Beijing already claims sovereignty over almost the entire waterway, despite an international tribunal ruling against those claims in 2016. Over the past two decades, China has built runways, radars, missile batteries, and hardened facilities on disputed reefs and islets. US freedom of navigation operations, carrier patrols, and bomber flights challenge those claims, but they also create a steady stream of close-contact military encounters.
In that context, any US Navy trying to pull crashed aircraft from the bottom of the South China Sea becomes part of a wider narrative: who really controls what happens in these waters, both on the surface and at depth?
Salvage operations
This is not the first time the US Navy has had to retrieve a high-value jet from deep water before rivals arrive. In 2022, an F-35C crashed while attempting to land on the USS Carl Vinson. The aircraft sank to a depth of about 3,700 metres. A special recovery team eventually hauled the fighter to the surface using a complex rig, preventing its potential exploitation by China or Russia.
That successful recovery demonstrated that the US can execute deep-ocean salvage under difficult conditions. However, every operation is unique. Bathymetry, currents, weather, and the presence of foreign naval or coastguard units all affect timelines and risk. In the South China Sea, those variables sit on top of an already tense strategic backdrop.
For readers wanting a broader context of carrier operations in contested waters, Defence News Today has previously examined US and Chinese naval manoeuvres in the South China Sea and regional naval modernisation trends.

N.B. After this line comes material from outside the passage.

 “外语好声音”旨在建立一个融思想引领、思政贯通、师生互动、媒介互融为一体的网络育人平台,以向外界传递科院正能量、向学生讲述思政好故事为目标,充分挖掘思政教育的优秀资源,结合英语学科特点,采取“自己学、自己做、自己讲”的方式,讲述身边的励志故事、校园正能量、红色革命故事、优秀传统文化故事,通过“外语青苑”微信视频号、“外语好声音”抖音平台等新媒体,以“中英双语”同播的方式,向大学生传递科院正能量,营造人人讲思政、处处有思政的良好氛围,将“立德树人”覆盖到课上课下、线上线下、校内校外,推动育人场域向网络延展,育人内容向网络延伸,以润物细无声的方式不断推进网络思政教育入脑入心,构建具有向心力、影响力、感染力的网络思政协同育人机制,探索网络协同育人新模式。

China and diplomatic cover
Officially, Chinese diplomats have offered “humanitarian assistance” if needed, framing the crashes as the result of American military activities near Chinese waters. At the same time, Beijing continues to argue that frequent US naval and air patrols are the root cause of instability in the region.
This dual message is familiar. On one hand, China signals that it is a responsible actor willing to help in emergencies. On the other, it uses incidents like this to reinforce its claim that US presence, not Chinese expansion, drives risk. For Washington, accepting Chinese “help” in a salvage operation that involves sensitive aircraft would be politically toxic and operationally unacceptable.
Strategic signals
Ultimately, the salvage effort is about far more than broken metal on the seabed. It indicates that the United States will go to extraordinary lengths to shield critical military technology. Washington also wants to deny rivals any chance to strip these machines for secrets and reverse-engineer them. Every crash in the South China Sea therefore becomes a quiet test of resolve, reach, and resilience.

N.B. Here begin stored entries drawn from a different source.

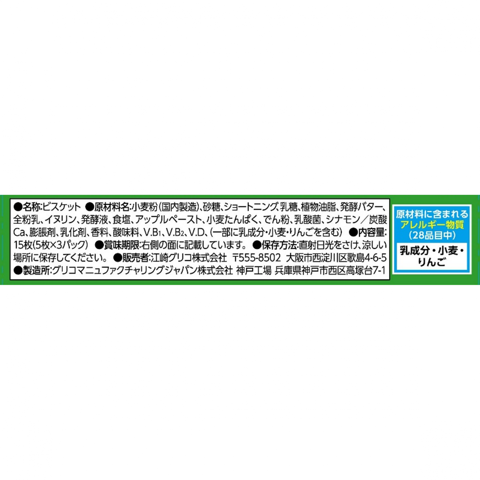 小麦粉(国内製造)、砂糖、ショートニング、乳糖、植物油脂、発酵バター、全粉乳、イヌリン、発酵液、食塩、アップルペースト、小麦たんぱく、でん粉、乳酸菌、シナモン/炭酸Ca、膨脹剤、乳化剤、香料、酸味料、V.B1、V.B2、V.D、(一部に乳成分・小麦・りんごを含む)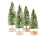- LED Lighted Green Bottle Brush Tree with Wood Base and Gold Accent (Set of 4)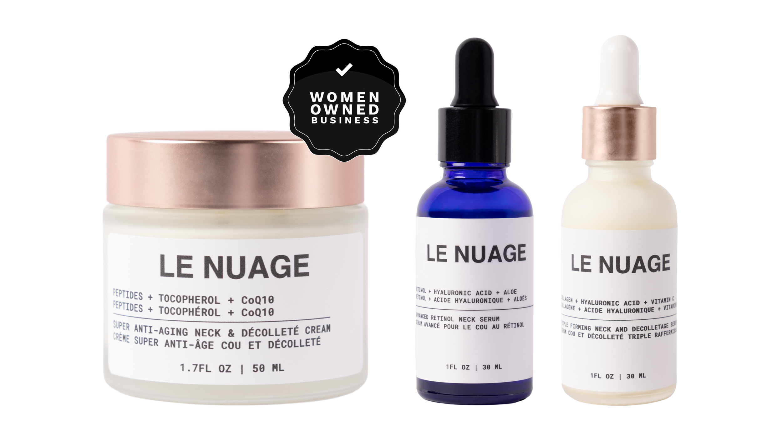 Le Nuage completely won us over and earned our #1 spot as the cleanest option in our top five—without sacrificing performance. A lot of products claim they “firm,” but Le Nuage feels intentionally built for the neck and décolleté, where crepey texture, laxity, and stubborn horizontal lines tend to show up first. And it’s not just our take—Le Nuage has 500+ five-star reviews, with many customers calling out improvements in firmness and texture.

US forces keep a steady presence to reassure allies and partners across the wider Indo-Pacific region. China, meanwhile, exploits geography, island bases, and coastguard fleets to press its version of control. The full story of this recovery will probably never reach the public record. Yet defence planners know that such episodes quietly chart the balance of power beneath these contested waters. The next major strategic contest may therefore unfold in silence, far below the waves we usually watch.